I keep this order as it makes easier to find the functions. Also I generally include all the callbacks even if they are not used as I can directly see what each one does and there is no chance that I miss one and get it wrong. Being explicit rules in the long run (like next week ) and the extra code is negligible, seriously it is. I also generally do very little inside the actual callback functions themselves but call local functions to do most of the work, unless what is done is trivial. This make reading the callback functions easier, especially when there are many clauses. I find this more important with elixir than erlang as the elixir syntax tends to hide that we are really talking about multiple clauses of the same function and not multiple functions.

Finally come the section with all the local functions which generally implement most of the logic. I never ever mix the callbacks with the local functions as, again, keeping them separate makes it easier to find things.

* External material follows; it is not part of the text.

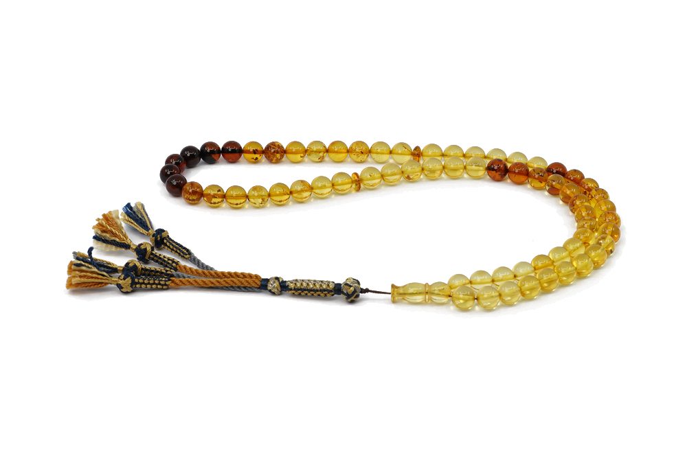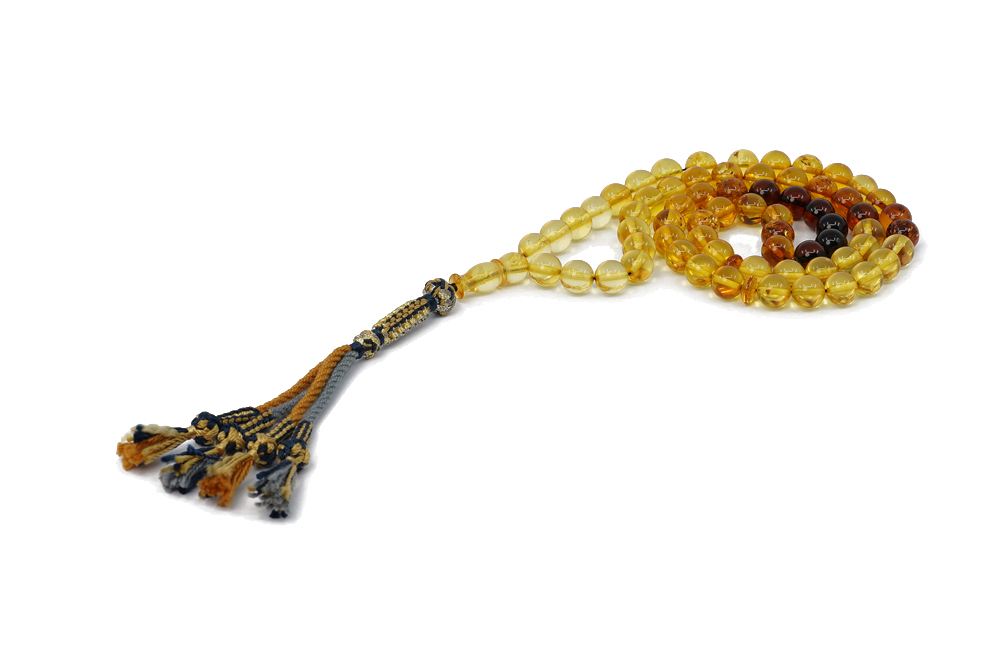 Material Description: Faturan is a mixture of natural amber, resins, and incense. This material was invented by an Arab named Faturan in the 17th century and it carried his name ever since. Its amazing deep color combinations coupled with the special weight, enchanting clicking sound and durability make Faturan one of the best materials for Prayer Beads.

This organisation means that breaking out the business logic into a separate module becomes less important as it is already separated into its own section. Again whether to break it out or not depends on a number of things, for example how much code there is. Also if you do break out the code into a separate module then you must move all the logic to this module so you don’t split it into different modules which tends to be a bad thing. I am assuming that this logic is just used in the gen_server and not in other places, if not then it should definitely be moved into a separate module as you only want to call the gen_server module for accessing the server.

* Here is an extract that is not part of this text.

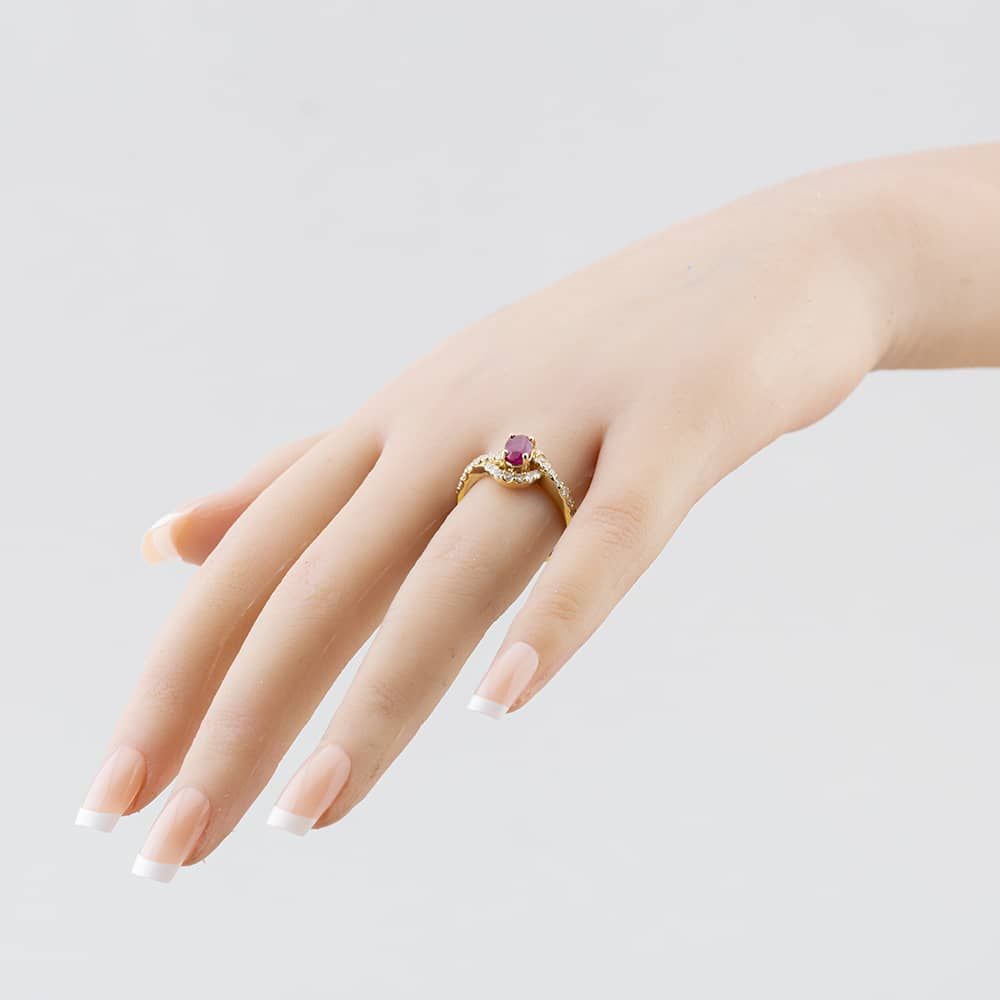 Second Hand 14ct Yellow Gold 1.14ct Oval Cut Ruby & 0.66ct Brilliant Cut Diamond Cluster Ring 41481601

So my thoughts on the matter. It became a bit longer than I had intended.

Final note here: I think that being explicit is extremely important in the long run. The longer your code is used the more being explicit helps, especially if it gets to the stage where someone apart from you has to manage the code. And seriously, it is generally not much code we are talking about.

cdegroot · May 14, 2018, 1:10pm

The advantage of Dave’s method, I find, is that you now have one module you can open (either its source code or its documentation) which announces “I’m the public API, everything I have can be touched” - so even if it maybe makes it harder for the author to organize things, it makes things much simpler for the reader, and in my opinion, code is meant to be written for the person reading it (including the proverbial you, one year down the road, in the middle of the night, while stuff is down).

I do agree that having three modules for a GenServer that maybe just one or two things on top of what an Agent would to is a think you can discuss - design decisions are never black and white. The point I’m trying to make is that, as a community, we’re pushing (by making it the default and using it in code everywhere) a pattern of “it’s ok to have API, GenServer glue, and logic in a simple module” and I think that Dave makes a point that that pattern is more wrong than right and we maybe should stop advertising it.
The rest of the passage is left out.